Interestingly enough, the magazine issue was on display in the freestanding “men’s interests” display rack—I did complain to a salesperson that the placement of the magazine was not only sexist but age inappropriate as a magazine geared toward children should probably not be displayed prominently to magazines featuring covers featuring excessive cleavage of women–she promised to share my concerns with the magazine section manager, and I’ll follow up to see what happens.
While I’ve talked extensively last year about relationships and humans being the cornerstone of libraries through the lens of libraries as site of participatory culture, I just had two moments here in the library that were poignant reminders of how important those values may be in the life of a library patron.
A mother came by just a few minutes ago to tell me how much she appreciated my letting her daughter, whom I remembered fondly, eat her lunch in the library every day a few years ago. Like many students who are “regulars” in here and prefer to work in here while eating their lunch for the entire lunch period, she came in and enjoyed the library space in her quiet and gracious way. Unless students volunteer to tell me why they might prefer to be in here regularly, I try to not intrude on their privacy and just try to take their requests at face value.

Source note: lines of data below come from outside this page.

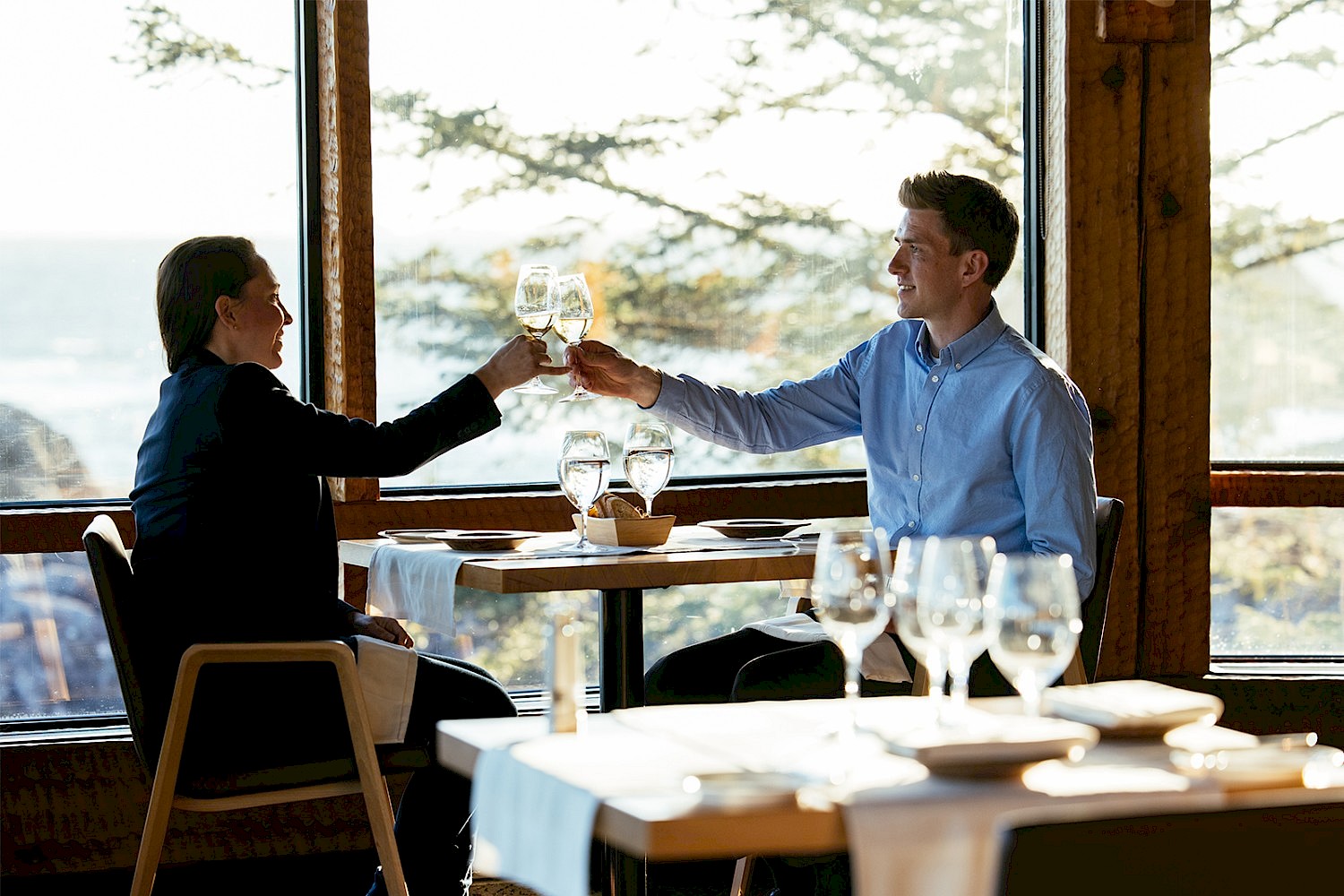 The Pointe Restaurant at the Wickaninnish Inn sits where land meets sea, perched on a rocky headland as waves crash against ancient stone below. The Pacific Ocean stretches before you, uninterrupted and ever-changing. Here, the power of place shapes every moment of your meal.
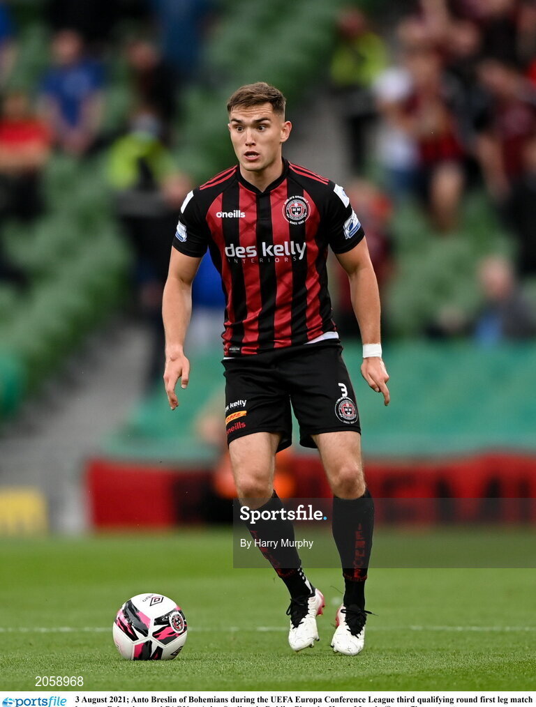 3 August 2021; Anto Breslin of Bohemians during the UEFA Europa Conference League third qualifying round first leg match between Bohemians and PAOK at Aviva Stadium in Dublin. Photo by Harry Murphy/Sportsfile
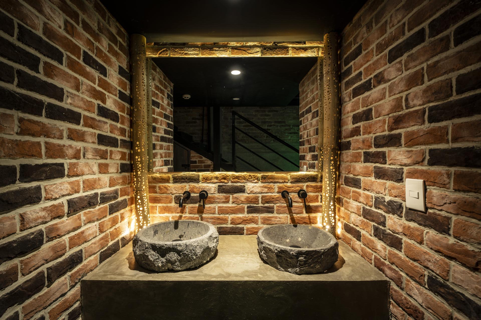 At the counter, lighting inspired by Studio Ghibli’s Laputa uses visible piping, evoking an imaginative mechanical world. A mezzanine structure maximizes the high ceiling: the lower floor hosts the main bar and open kitchen, while the loft provides an intimate perch for guests.
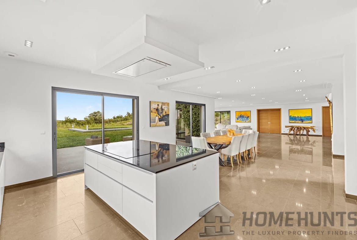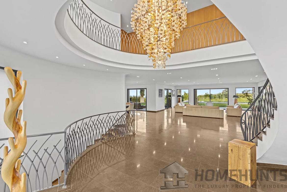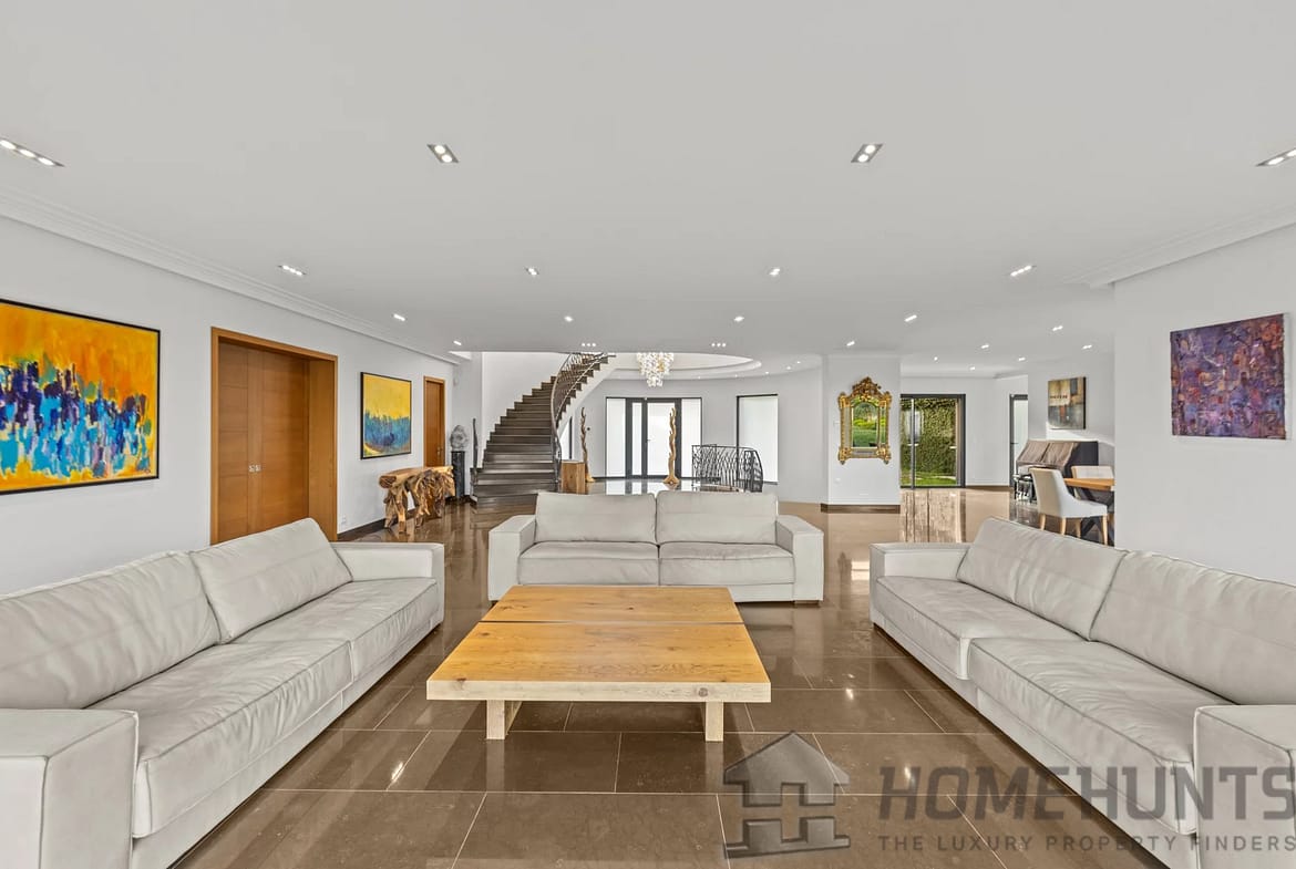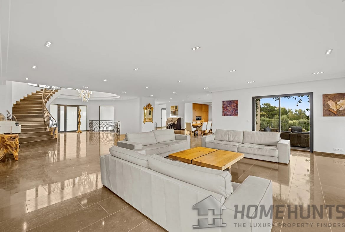 Constructed in 2018 with uncompromising attention to detail, this 570m2 residence exemplifies contemporary luxury living. The interior unfolds with a dramatic double-height entrance hall crowned by a spectacular chandelier, flowing into expansive living spaces featuring floor-to-ceiling windows that frame the breathtaking landscape. The heart of the home seamlessly integrates a sophisticated open-concept kitchen with the main living area, complemented by a separate utility room, intimate media lounge, and four sumptuous en-suite bedrooms, each opening onto private terraces.

What I didn’t know until today was that the student, who outwardly seemed to be a happy and successful young lady, was being subjected to merciless bullying by her classmates. She eventually transferred away, and I’m happy to report that she has been able to move on with her life in a positive way as she now prepares to head off to college. To have a mother tell you through tears that your simple act of kindness saved her daughter’s life is probably about the most humbling thing you can ever experience. I’m not ashamed to tell you that I shed a few tears of my own when the mother said, “We would not have our daughter if it were not for what you did, and I thank you.”

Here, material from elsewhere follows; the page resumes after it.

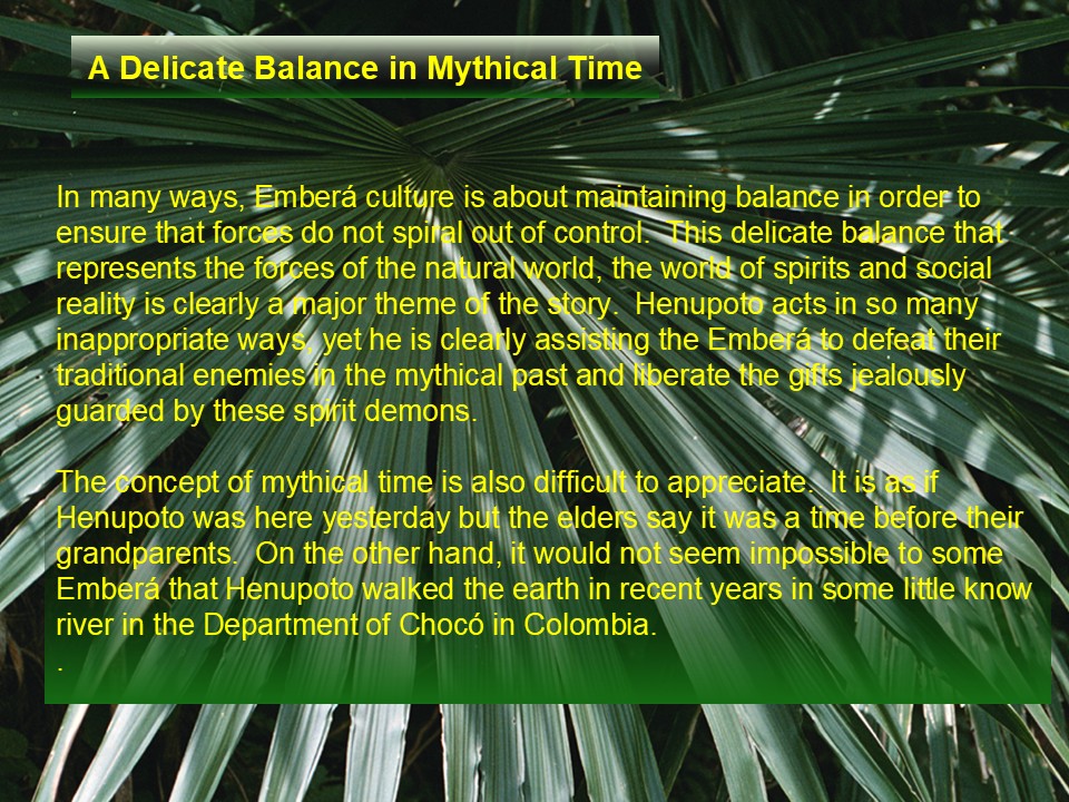 In many ways, Emberá culture is about maintaining balance in order to ensure that forces do not spiral out of control. This delicate balance that represents the forces of the natural world, the world of spirits and social reality is clearly a major theme of the story. Henupoto acts in so many inappropriate ways, yet he is clearly assisting the Emberá to defeat their traditional enemies in the mythical past and liberate the gifts jealously guarded by these spirit demons.

The second moment that took place was one of my students, who is in the creative writing club I sponsor and who refers to me as the “Red Tape Conquistadora”, coming up to the circulation desk and asking me point-blank, “Are you retiring or running away from here anytime soon?” Given the difficult challenges of this past year and the cuts that lie ahead, I’d be lying if I didn’t say the thought of going elsewhere hadn’t been on my radar, but in light of the support I’m receiving from my new principal who is coming in for the 2012-2013 year, I am returning and am hopeful I can continue doing meaningful work with the students and teachers. Once I had a moment to recover from the surprise that overtook me, I responded, “No, I’m not going anywhere.” He breathed a huge sigh of relief and expressed concern that the sense of community he had built within the club sponsored by me and the library would be gone if I left; this community is important to him because he has a sister coming here in the fall, and he wanted assurance that there would be continuity of this community for her.
I share these moments with you all to remind you how fragile and complicated the lives of those we serve can be and that in the midst of the stress and challenges we all face, we must never lose sight of keeping a nurturing, welcoming, and caring climate in our libraries even as others may marginalize the value of librarians and the role of the library in your community. Never take for granted how something so simple and easy to do–showing compassion–may have more impact on someone than any library services or resources you have to offer. Thank you to these three people—the mother, her daughter, and the young male student—for reminding me that nice DOES matter and that elevating the library as a place of participation and shared ownership has value that cannot be quantified with any kind of reading level, test score, or mathematical data. Let us all continually strive to approach what we do with humility, integrity, empathy, courage, wisdom, and grace.